Now we’re going to add a demo, which is a standard R file (in this case including a little R markdown).
The important thing to note here is that you no longer need to
source()
files, since any functions you need to use can be installed as part of the package.
Next, we need to install our package using
devtools::install()
.
After which, we can run demo(package = "packagename")
to
list all of the demos in our package, or
demo("my_demo", package = "packagename")
to run the
my_demo
demo.
Add data
The next thing we’re going to do is add data to our package. To do
this, run usethis::use_data_raw("BCI")
. This will create a
new directory, called data-raw
and within it a file called
BCI.R. We should put our raw,
unedited data in this directory.

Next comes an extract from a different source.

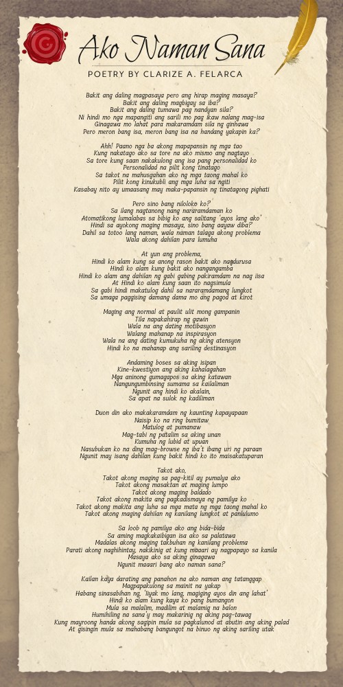Nagpa-Felix Bacat si Kristof Garcia noong Oktubre 27 Miyerkules sa Instagram. Tagged filipino literature love poems poetry prose sulat pinoy tagalog poem tagalog poetry tula writing Kapag Ako ang Pinili Mo February 16 2017 February 16 2017 quirkyshine Leave a comment. Na gawing gabi ang lahat ng umaga Na kasing dali lang kung paano mo nakayanan Na maging malungkot ang dating tayo na masaya.
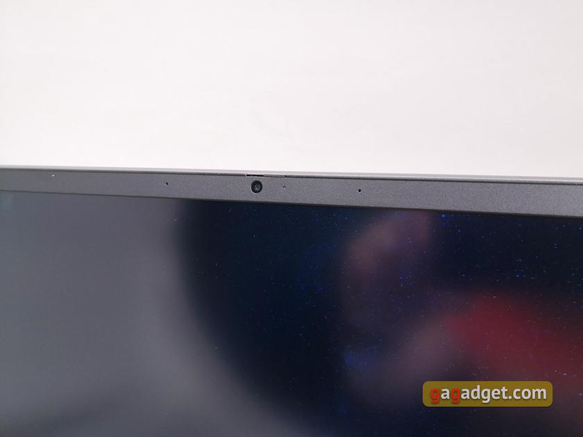 Рамка по бокам от экрана очень узкая, но зазоры сверху и (особенно) под дисплеем широкие. Немного странно, учитывая, что веб-камера с микрофонами и светодиодом находится на привычном месте. Камера оснащена механической шторкой ThinkShutter. Для тех, кто считает, что Большой Брат следит за всеми:

Any code we use to process our data
should be written in BCI.R. The
processing file should end up looking something like this:
## code to prepare `BCI` dataset goes here
# Read the data
raw.data <- read.csv("data-raw/myrawdata.csv", header = TRUE)
# Process the data
BCI <- some_tidying_process(raw.data)
# Add the data to your package
usethis::use_data(BCI, overwrite = TRUE)
Next we need to generate the packaged data by running the processing
script. The use_data()
function will create a data directory, within which will be an
rds file containing our dataset.
The next step is to open our .gitignore file and add
data-raw
on a new line to ignore the contents of this
directory. The reason being, the contents of data-raw are not part of the package
(installable data exists within your data directory) and we don’t want to
upload these large files to GitHub.
Next we should document our data (more info here and here). To do that, we need to create a data.R file in the R directory. It should look something like this:
#' mydataset
#'
#' Description of mydataset
#'
#' @docType data
#' @usage data(mydataset)
#'
#' @format A data frame with x rows and y variables:
#' \describe{
#' \item{variable1}{description}
#' \item{variabl2}{description}
#' ...
#' }
#'
#' @source \url{http://somewhere.important.com/}
"mydataset"
As usual, we need to run devtools::document()
to
automatically generate the documentation files and then
devtools::install()
to install our package.
After which, we can run data(package = "packagename")
to
list all of the data in our package.
Alternative setup
If for any reason you can’t get usethis::use_github()
to
work, then follow these instructions
to create a repository on GitHub with a README file. Remember that the name of
your repository should match the name of your package and be aware that
the name of your package:
“should contain only (ASCII) letters, numbers and dot, have at least two characters and start with a letter and not end in a dot” (ref).
Though very few package
names include a dot. In the following example, the name of our
repository (and package) is packagename
.
Once you have a repository on GitHub, follow these instructions to clone your repository and add it as a new project in RStudio. Then create the package structure by running:
usethis::create_package("structure")
at which point you’ll get a warning saying you shouldn’t really be nesting RStudio projects inside each other. Ignore that and say yes, you want to continue. You’ll end up with a file structure that looks a bit like this:
packagename/ ---> .gitignore
README.md
packagename.Rproj
structure/ ---> .gitignore
.Rbuildignore
DESCRIPTION
NAMESPACE
structure.Rproj
R/
Take everything in the structure directory except for the structure.Rproj and .gitignore files and put it in the packagename directory. Now delete the structure directory and move to the packagename project in RStudio. Once you’ve done that, create an empty directory within packagename called man. Your file structure should now look like this:
packagename/ ---> .gitignore
README.md
packagename.Rproj
.Rbuildignore
DESCRIPTION
NAMESPACE
R/
man/
Finally, delete the NAMESPACE
file and run devtools::document()
to create a new
NAMESPACE file. Why did we just
delete and recreate NAMESPACE?
Because from now on, it will be automatically populated whenever we call
devtools::document()
, which is only possible if we use
devtools::document()
to create a new file. Also, don’t
forget to keep pushing your changes to GitHub.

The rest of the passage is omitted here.